Warning: Spoilers ahead for Magneto #1!

Image credit: Marvel Comics

Fans may be surprised to find that Magneto #1 (written by J.M. DeMatteis and penciled by Todd Nauck) rewrites a major piece of Marvel Universe history. The comic is set during the period in the 1980s when Charles Xavier took a leave of absence, leaving his former enemy Magneto in charge of his school for gifted youngsters. At the time, Erik Lehnsherr was working on being a hero and mentor, after spending years as a supervillain.

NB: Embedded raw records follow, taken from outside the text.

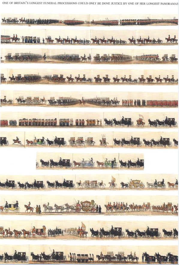The Duke of Wellington was a major British figure during the first half of the 19th century. Joining the army in 1787, he rose in rank through various battles. His performance during the Napoleonic Wars resulted in his being named field marshal. He served as Ambassador to France after Napoleon was defeated, but after the French Emperor made his escape and returned to power, it was the Duke who led the forces at Waterloo that brought Napoleon's career to its final conclusion. Wellington was a great hero, and was elected to Parliament. In time, he would rise to be Prime Minister. His popularity was perhaps not so great in this role. He was quite conservative, opposing popular electoral reforms. Nevertheless, when he died in 1852, the Duke of Wellington was revered as a great hero. Over 10,000 people participated in his funeral march. One and one-half million spectators viewed the spectacle. Item 1 is Henry and George Aiken's An Elaborate Panorama View of the Entire Funeral Procession of the Duke of Wellington, probably a second issue from 1853. The panels illustrating the parade, when put together, create a panorama over 65 feet long. £3,500 (US $5,331).
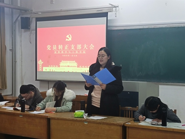 然后,转正的党员代表彭倩进行表态发言,她表示,定会服从党的领导,听从党的指挥, 切实开展批评与自我批评,积极工作, 在各项活动中发挥表率和带动作用,为全面建设社会主义现代化国家努力奋斗,争做一名优秀的共产党员。
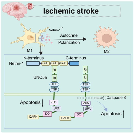 In conclusion, netrin-1 in microglia plays a crucial role in immunity by inhibiting apoptosis and promoting cell survival through its binding with UNC5a. Additionally, microglia that express netrin-1 are more likely to be polarized toward the M2 type, which enhances their anti-inflammatory and repair functions (Figure 4).
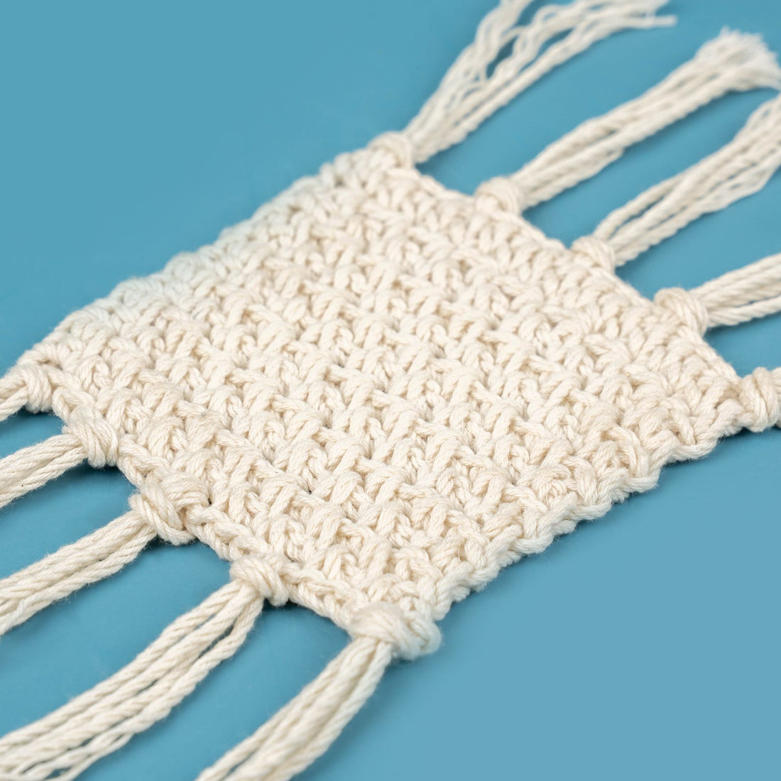 A handcrafted tea coaster made from natural cotton cord, designed to protect surfaces while adding...

During the comic, Erik ponders his relationship with the New Mutants, which causes him to reminisce about his earliest encounters with the X-Men. However, Magneto’s recollections seem to rewrite his history with the team. According to Erik’s narration, his over-the-top Magneto persona was meant to give humans a scapegoat to center their hatred for mutants on.

“I knew Charles would send his students to confront me – rising up against their own kind in order to protect the very people who despised them. ‘See,’ the humans would say. ‘They’re not all bad. There are good mutants too. Risking their lives – for us.’ And, over time, the image of our people would change. No longer monsters – but equals,” Magneto recalled.

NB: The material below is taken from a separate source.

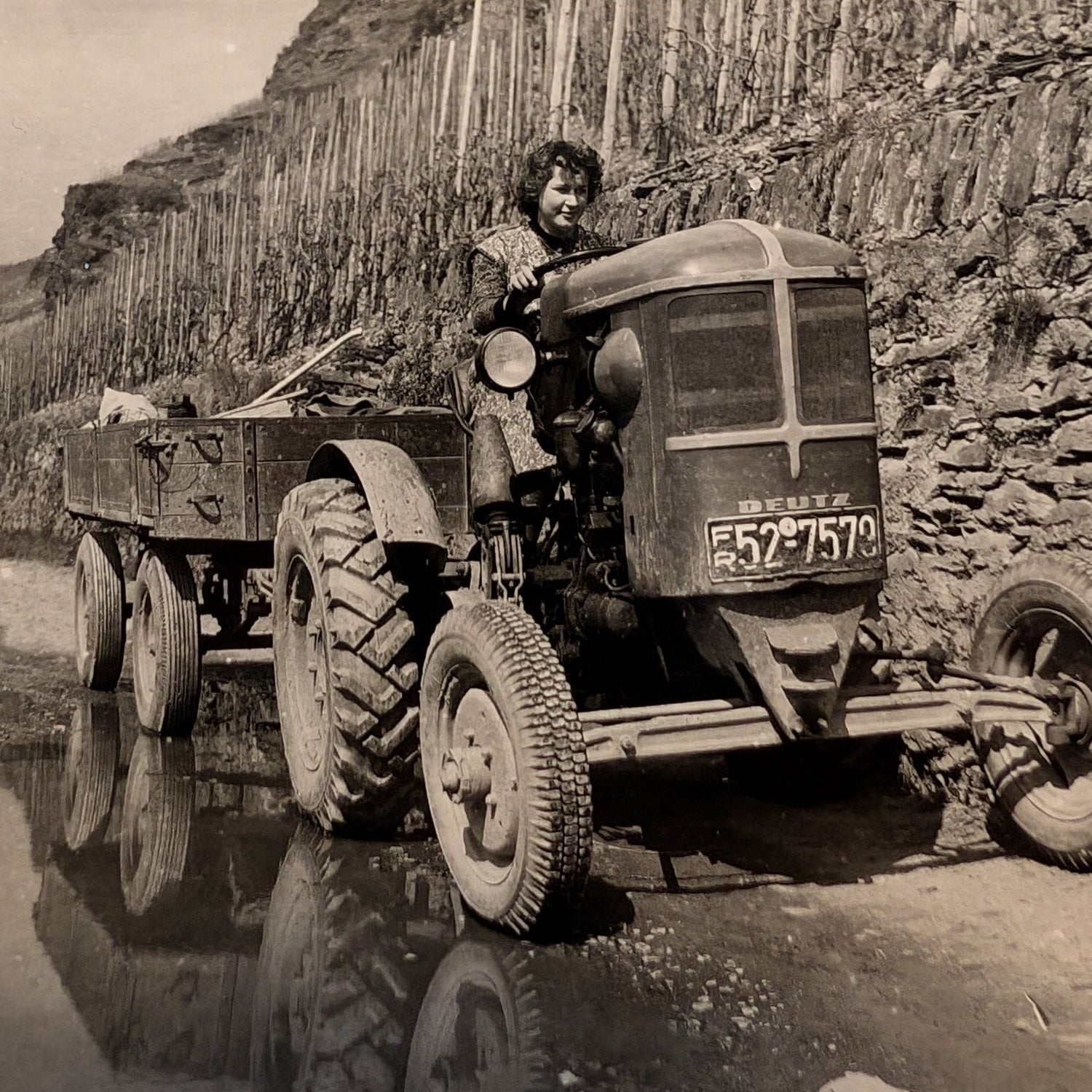 Jessikas Großmutter Brigitte auf ihrem ersten Traktor

Even more specifically, Magneto thinks back to his first encounter with the X-Men, as seen in X-Men #1 (1963). “As I left the X-Men to enjoy the very triumph I’d so carefully engineered, I felt pride in them – and hope for the future they embodied. Perhaps, I thought, my plan would work. Perhaps humanity would embrace these new heroes.” This is an interesting take on Erik Lehnsherr, but it’s also a rewriting of history.

Essentially, Magneto is claiming that he never truly wanted to destroy humanity. He wanted the X-Men to look like heroes so that humanity would accept mutants. In fact, he claims he let the X-Men win during their early encounters. This doesn’t match up with most of Magneto’s earliest appearances, including some of his thought balloons, which showed that he clearly wanted to kill the X-Men, and came close to causing humanity’s extinction. Plus, Magneto sank a submarine in Uncanny X-Men #150, murdering everyone onboard.

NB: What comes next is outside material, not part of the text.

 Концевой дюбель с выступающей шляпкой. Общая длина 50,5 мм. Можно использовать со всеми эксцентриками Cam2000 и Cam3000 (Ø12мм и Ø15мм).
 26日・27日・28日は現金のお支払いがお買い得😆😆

While we can write off some of these actions as an act, it doesn’t explain the various thought balloons he had during the time. To be fair, Magneto #1 also has Erik claim that destroying humanity was his backup plan if his X-Men gambit didn’t work out. It’s also possible that Erik isn’t a reliable narrator. After all, most villains don’t look at their actions as villainous. Once he became the leader of the New Mutants, Magneto might have used hindsight to justify his villainous actions.

Magneto has always been one of the most nuanced antagonists in the Marvel Universe. He’s walked the line between heroism and villainy so many times, depending on what era you’re reading. Magneto #1 is looks at his history through that lens, giving us a new take on his Silver Age evil schemes. While it doesn’t fit in with the first two decades of Magneto’s publishing history, it certainly makes for an interesting character study.